Most pipelines partition by date:

```

data/

events/

date=2026-04-25/

date=2026-04-26/

date=2026-04-27/

```

Each partition is independent. Re-running just `2026-04-26` doesn't affect other dates. Failures isolate to specific partitions.

Partition keys vary:

- Date (most common)

- Date + hour for high-volume

- Date + region or customer

- Whatever makes work parallelizable

Late-arriving data

Real-world data arrives late. An event from 2026-04-25 might appear in your source on 2026-04-27.

Strategies:

- **Reprocessing window**: re-run last N days of partitions to catch late data

- **Watermarking**: partition by event time, not arrival time

- **Allow late merge**: pipeline designed to update partitions when late data arrives

The right approach depends on data volume and timeliness requirements. Most pipelines need to handle late data; pretending it doesn't exist produces incorrect analytics.

Schema evolution

Source data structure changes. Field added, type changed, field renamed.

Patterns:

- **Schema-on-read**: store raw; apply schema when reading. Flexible but slow.

- **Schema-on-write**: enforce schema at ingestion. Fast but rigid.

- **Forward-compatible serialization**: Avro, Protobuf, or schema registry that handles evolution

For data lakes (S3 + Parquet), schema-on-read is common. For warehouses, schema-on-write.

Either way, plan for schema changes. They will happen.

Orchestration

The scheduler that runs pipelines, manages dependencies, retries failures.

Apache Airflow

The dominant choice. DAG (Directed Acyclic Graph) of tasks; Python-based.

Pros: powerful; large community; many operators.

Cons: heavyweight; UI is dated; running it well requires real ops investment.

Prefect, Dagster, Mage

Modern alternatives. Python-based; emphasize developer ergonomics; cleaner UIs.

dbt

For warehouse-resident transformations. Different role than orchestration; sometimes paired with Airflow. See [DbtAndAnalyticsEngineering](DbtAndAnalyticsEngineering).

Cloud-native

AWS Step Functions, GCP Cloud Composer (managed Airflow), Azure Data Factory. Less ops; cloud-specific.

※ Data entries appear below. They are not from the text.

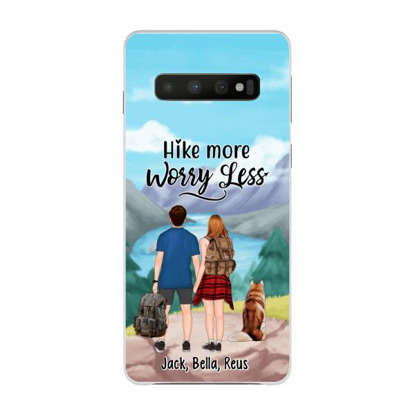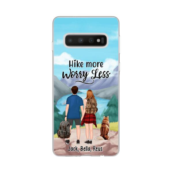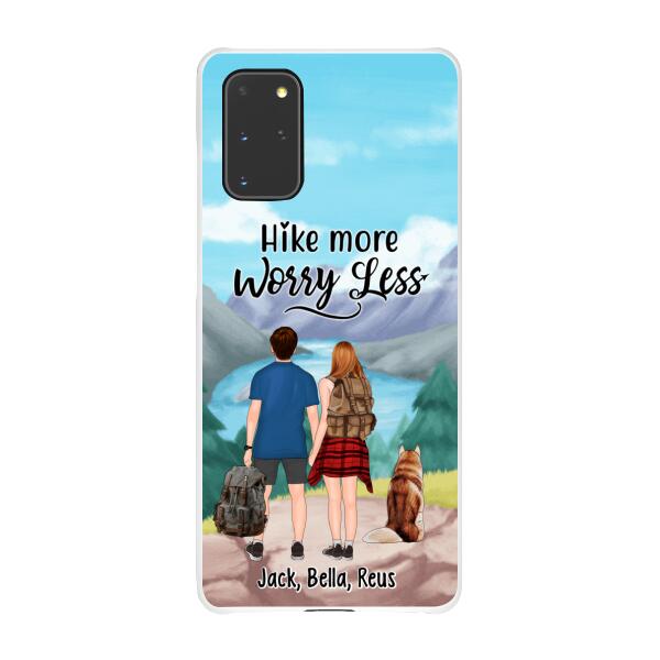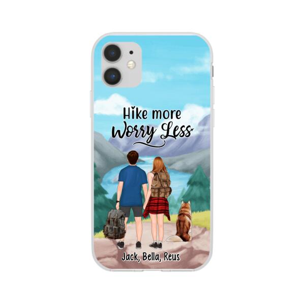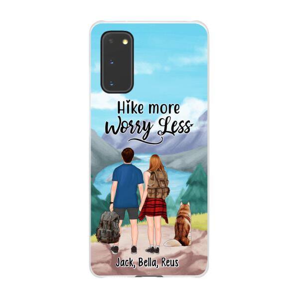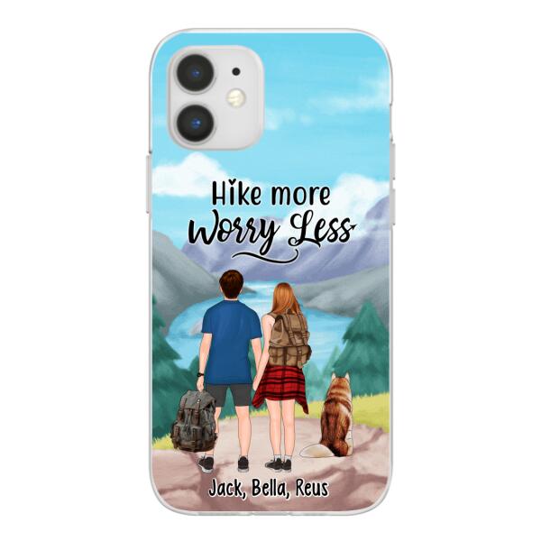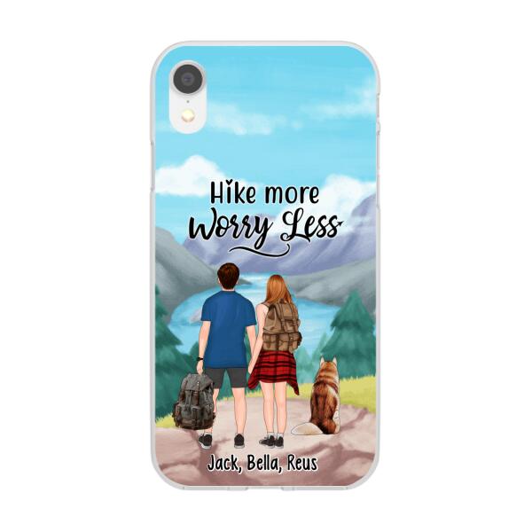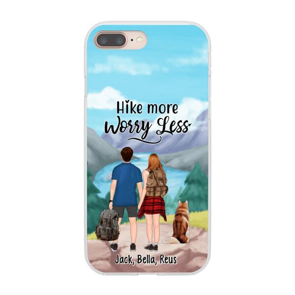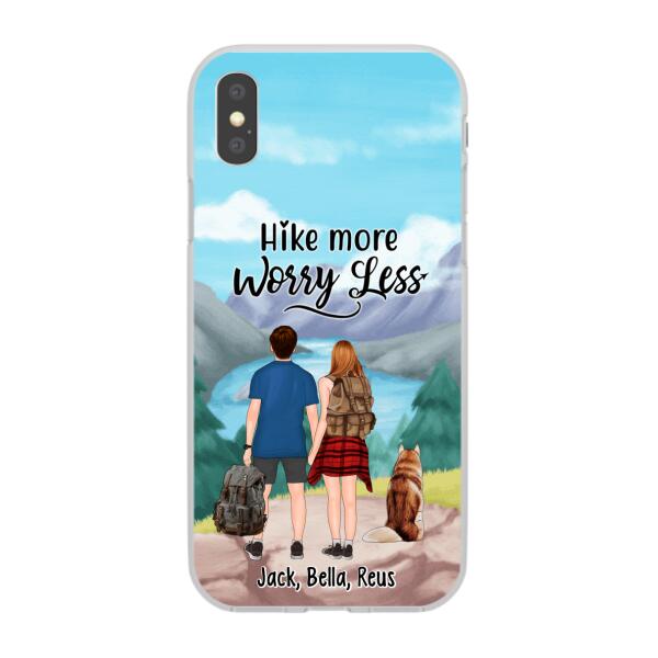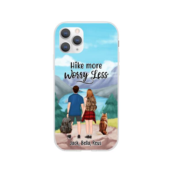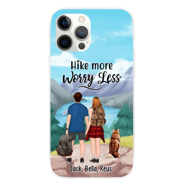 Personalized Phone Case, Hiking Couple With Dogs, Gift For Hikers And Dog Lovers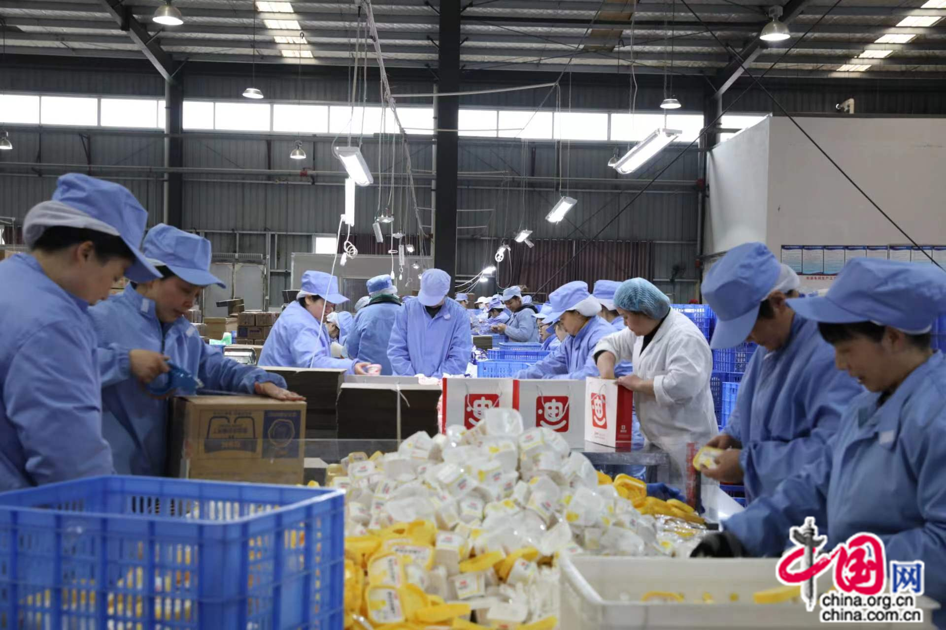 走进四川迪怩司食品有限公司生产车间,清新好闻的果冻香味扑面而来,煮料、调配、罐装、杀菌、冷却、包装...一道道工序有条不紊,刚做好的果冻经全自动生产线输送出来,工人熟练地进行检验、分装、打包装箱,发往全国各地。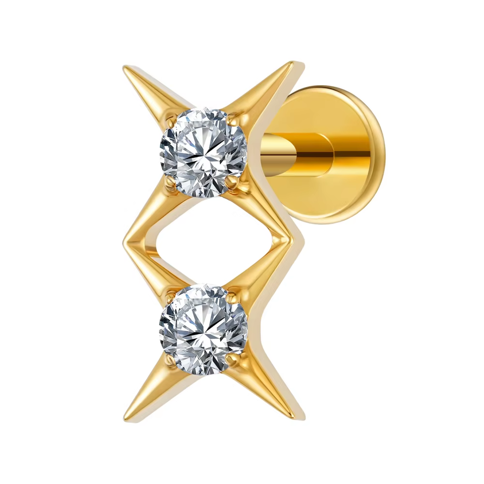 ASTM F136 Titanium Double Star Stud Ear Ring 16G Starburst CZ Flat Back Labret Stud Cartilage Helix Tragus Piercing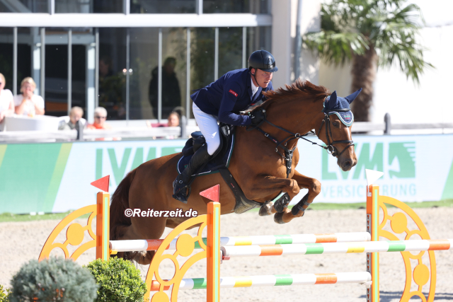 Es folgten einige Ritte mit Abwürfen, bis schließlich Patrick Stühlmeyer auf Chaloubino PS OLD an der Reihe war. Stühlmeyer lieferte eine Musterrunde ab: Er ritt perfekt, ruhig und flüssig. Außerdem hatte er ein unglaubliches Tempo vorgelegt und die Führung übernommen.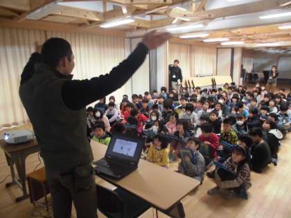 3年生は,みなみ学習で,宝ヶ池公園の自然を調べます。森林インストラクター(森のはかせ)の吉野さんにお越しいただいて,自然の木の生え方や,生き物と生き物とのかかわりなどを興味深く話していただきました。子どもたちからは,「シカは,季節によって食べるものが変わっていることに驚いた。」など,感想を発表しました。来週に,宝ヶ池に行って観察するのを楽しみにしています。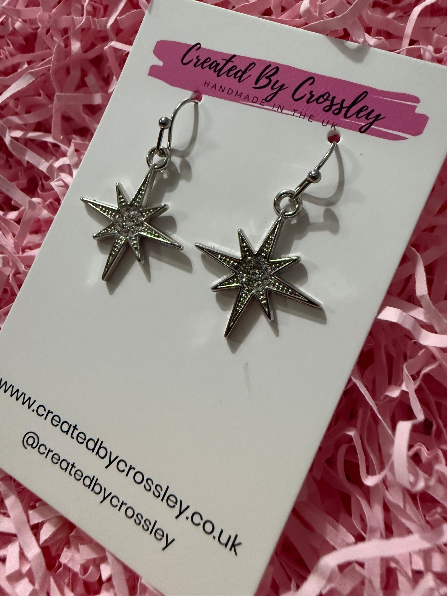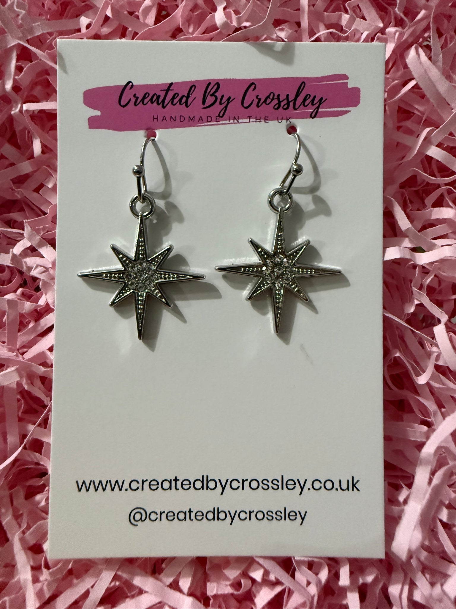 Pretty silver star earrings with sparkly gems, perfect for accessorising any outfit! Stainless steel hooks

For most teams, managed Airflow or one of the modern alternatives is the right choice.

Observability

Pipelines fail in subtle ways. Without observability, failures are silent.

Required:

- **Job-level metrics**: runtime, rows processed, error count

- **Logging**: structured; queryable

- **Lineage**: which datasets depend on which

- **Data quality checks**: row counts, null rates, value distributions

Tools: dbt has tests; Great Expectations and Soda for explicit data quality; OpenLineage for cross-tool lineage.

Without these, "is the pipeline OK?" is unanswerable.

Backfills

Re-running pipelines for past data. Common reasons:

- Bug found; re-process to fix

- New computation added to historical data

- Schema change requires regeneration

Designing for backfill:

- Idempotent (covered above)

- Partitioned (so you re-run specific partitions)

- Resource-throttled (don't crush the warehouse during backfill)

- Documented sequence (which partitions in what order)

Backfills that take a week to plan are common. Designing for them up front saves time.

Streaming vs. batch

Two paradigms:

Batch

Pipelines run on a schedule. Daily, hourly, every 15 minutes. Process accumulated data.

Pros: simpler; recovery is easier; tooling is mature.

Cons: latency = batch interval.

Streaming

Pipelines run continuously. Each event processed as it arrives.

Pros: low latency.

Cons: complex; harder to debug; harder to backfill.

Most pipelines should be batch. Stream when latency genuinely matters (real-time fraud, real-time recommendations).

The "Lambda architecture" — batch + streaming both running the same logic — has fallen out of favor; modern systems use one or the other.

Common failure patterns

- **Non-idempotent pipelines.** Retries cause duplicates.

- **No partitioning.** Failures affect everything.

- **No observability.** Silent failures.

- **Streaming when batch would do.** Complexity without benefit.

- **No data quality checks.** Bad data flows downstream.

- **No backfill plan.** Recovery from bugs takes weeks.

- **Heavy initialization per task.** Slow pipelines.